Chadwick Boseman, who died of cancer on Friday, made cinematic and cultural history as King T’Challa in the Marvel Cinematic Universe’s “Black Panther.”

Chadwick Boseman Dies at 43

Chadwick Boseman, the actor known for his role in the Marvel Cinematic Universe as King T’Challa in “Black Panther,” died on Friday at the age of 43. 

According to the official statement released on his Twitter, Boseman was diagnosed with stage 3 colon cancer in 2016. He fought his battle with cancer while also filming several movies, including his most recently released film “Da 5 Bloods.” 

Several of his co-stars, friends and fans have posted tributes to Chadwick on their social media. Many are from actors who worked with Boseman on the “Avengers: Infinity War” and “Avengers: Endgame” sets. 

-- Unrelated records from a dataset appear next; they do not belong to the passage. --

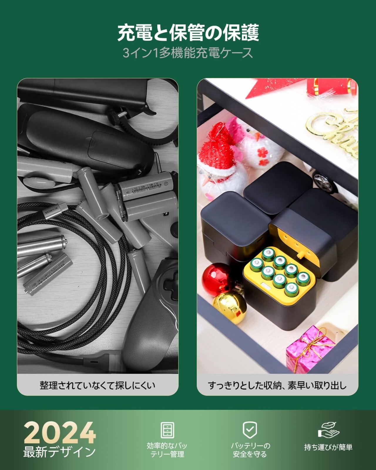 【集積充電と保存】リチウム電池充電器はマグネティックデザインを採用し、8つの独立した充電スロットを持ち、充電と保存を一体化させ、電池の保存と持ち運びをより便利にし、自由に1つ~8つの組み合わせでAAリチウム電池を充電するとサポートします。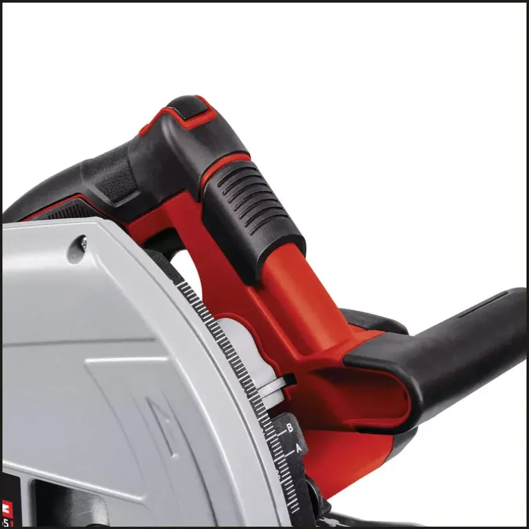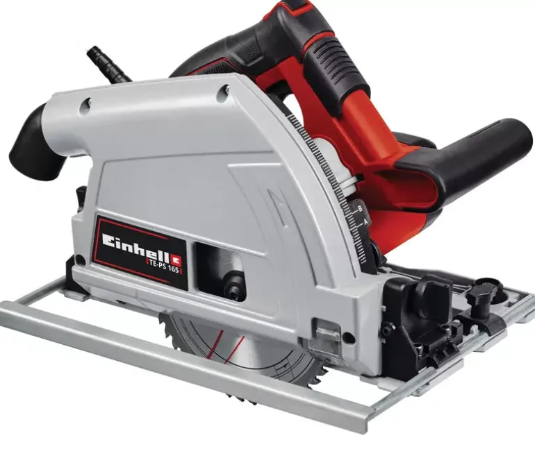 The Einhell plunge saw TE-PS 165 is a powerful all-rounder when precise cuts are to be made in a wide variety of materials. Whether wood, panels or plastics: The high-quality carbide saw blade works with up to 1,200 W power through materials up to a cutting depth of up to 56 mm (at 90° without rail). Even in an oblique cut of up to 45°, depths of up to 42 mm (without rail) are not an obstacle. Clean cuts are also guaranteed in the area of use close to the edge. The cutting depth and angle of inclination can be adjusted without tools and easily. The blade lock allows an easy change of the saw blade. The viewing window ensures better visibility in the cutting area. The cable length offers a particularly large operating radius of up to four metres. The rip fence ensures straight work results. Thanks to the vacuum cleaner adapter, the workplace remains clean. The large handle was designed for fatigue-free work with the Einhell plunge saw. The guide rail system, which is available separately, ensures even more precision. Special plastic holders are intended for fine adjustment of the guide rail.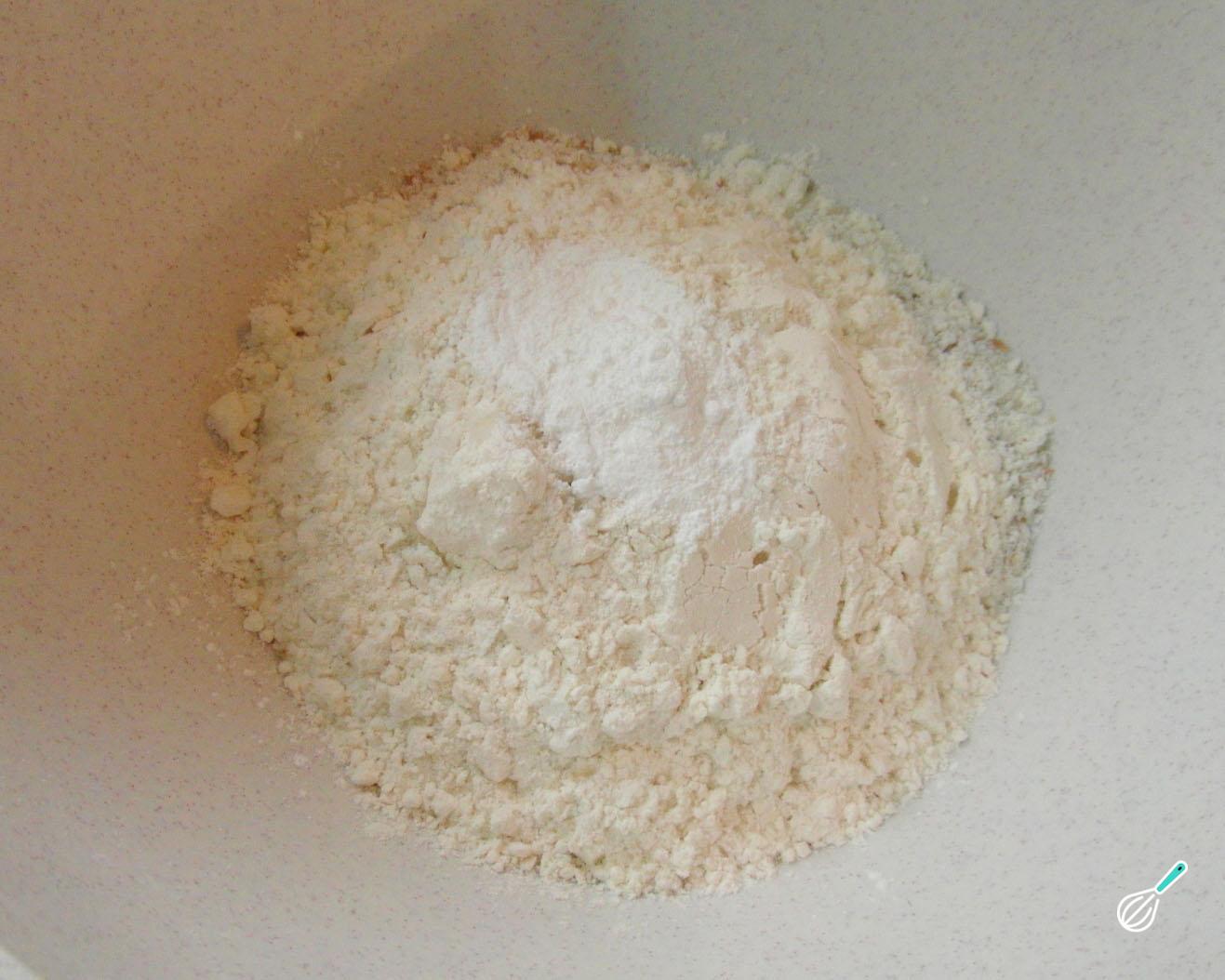 Em um recipiente adicione os ingredientes secos: a farinha de trigo, a farinha de aveia, o adoçante, a maisena, a canela e o bicarbonato.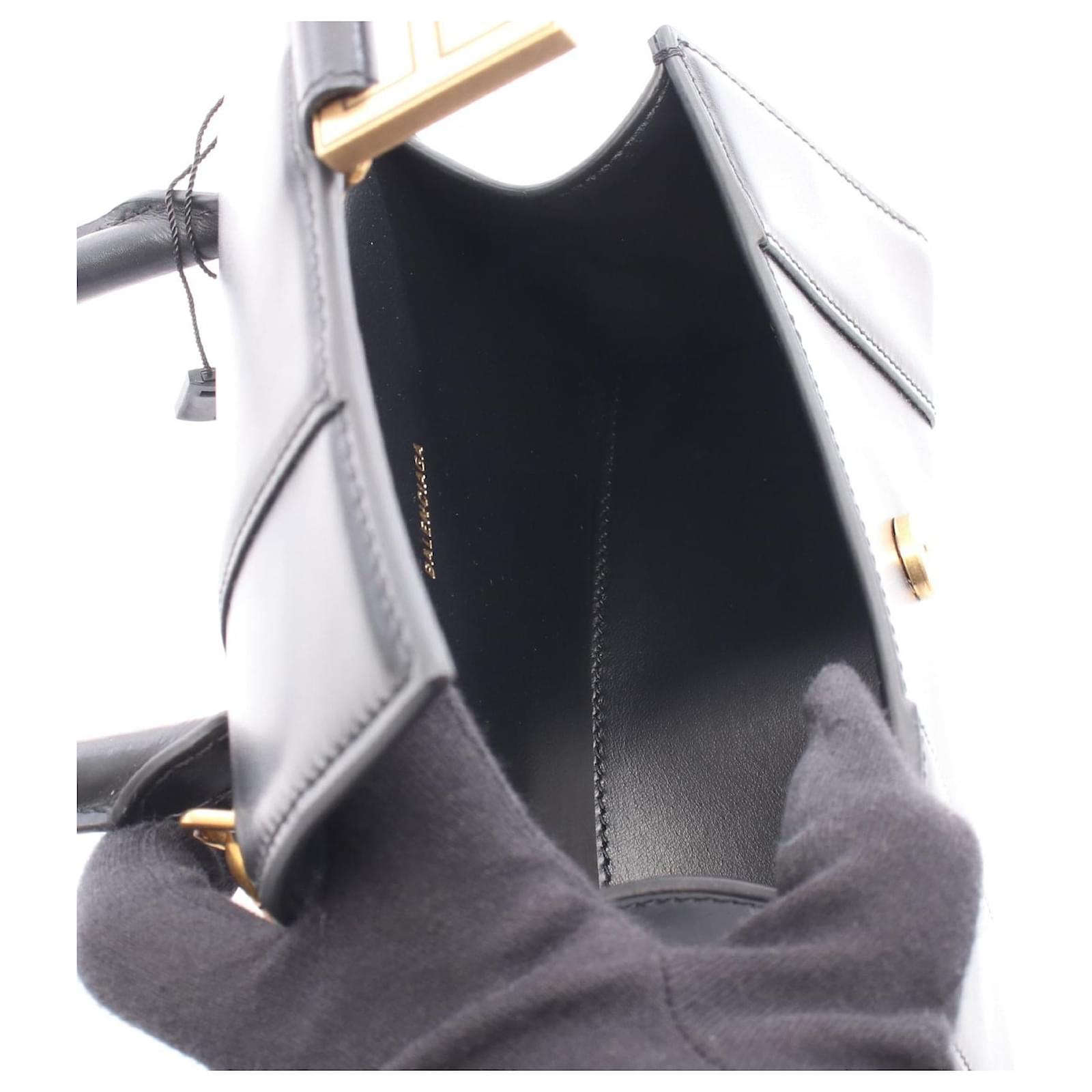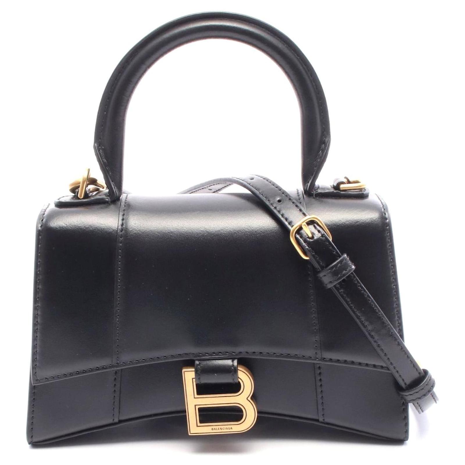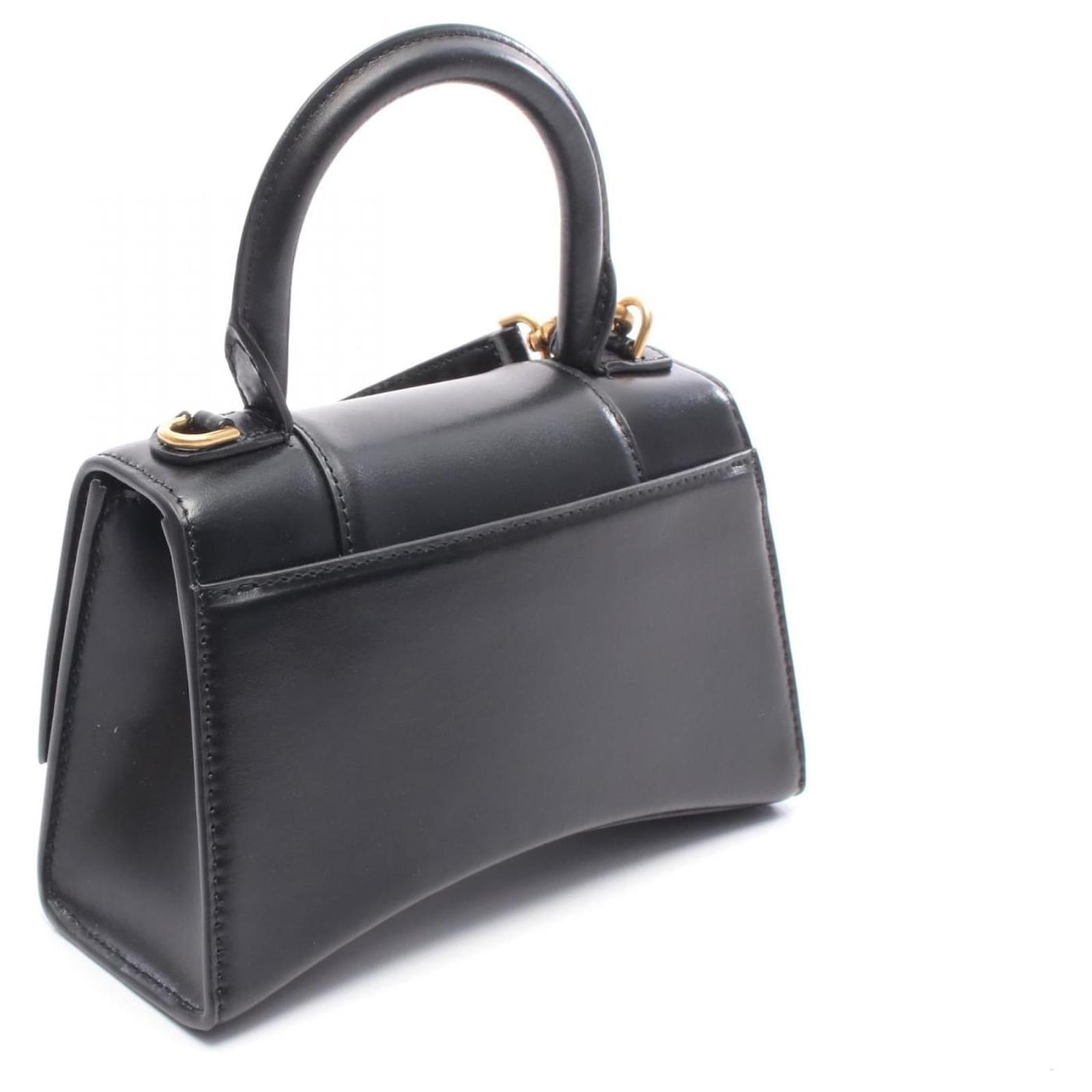Brand Name: Balenciaga; Condition: Pristine; Category: Bag; SubCategory: Handbag; Product Name: Balenciaga Hourglass XS Leather Handbag Black; Model Number: 5928331QJ4M1000; Style: Ladies; Accessories: Shoulder Strap; Height (cm): 12; Width (cm): 7; Length (cm): 19; Color: Black; Material: Leather; Measurments: width: 70 mm length: 190 mm height: 120 mm strap length: 0 mm handle drop: 0 mm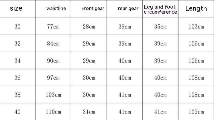 Size: 30, 32, 34, 36, 38, 40

Angela Bassett, Chadwick’s on-screen mother from Black Panther, paid tribute to Chadwick Boseman on Instagram by posting a photo of them on the set of “Black Panther” hugging. In the Instagram post, she told the story of how Chadwick was the student assigned to escort her when she received her honorary degree from Howard.He had reminded her of that story during the “Black Panther” premiere party. 

Even former President Barack Obama paid tribute to him on his social media. He said about Boseman, who once came to the White House to work with kids, “To be young, gifted, and Black; to use that power to give them heroes to look up to; to do it all while in pain – what a use of his years.”

He was born on Nov. 29, 1976, in Anderson, South Carolina. Boseman was a Howard University graduate with a bachelor’s degree in fine arts and directing. From there he enrolled at the British American Drama Academy in the United Kingdom, paid for by the two-time Oscar winner Denzel Washington. 

One of his first breakout roles was in the 2008 television show “Lincoln Heights.” He played a young man in the army revealed to be a main character’s son. He continued to work on a few small TV and movie roles. 

Boseman was known for his performances of historical figures like Jackie Robinson, the first African-American major league baseball player, and Thurgood Marshall, the first African-American Supreme Court justice. As well as playing historical trailblazers, he played “Godfather of Soul” James Brown in the film “Get on Up.” 

Gov. Henry McMaster of Chadwick’s home state South Carolina announced on Saturday he would be lowering the statehouse flags to half mast on Sunday. The two lowered flags will be presented to Chadwick Boseman’s family. 

He leaves behind a wife, Taylor Simone Ledward. They became engaged in 2019 and later married.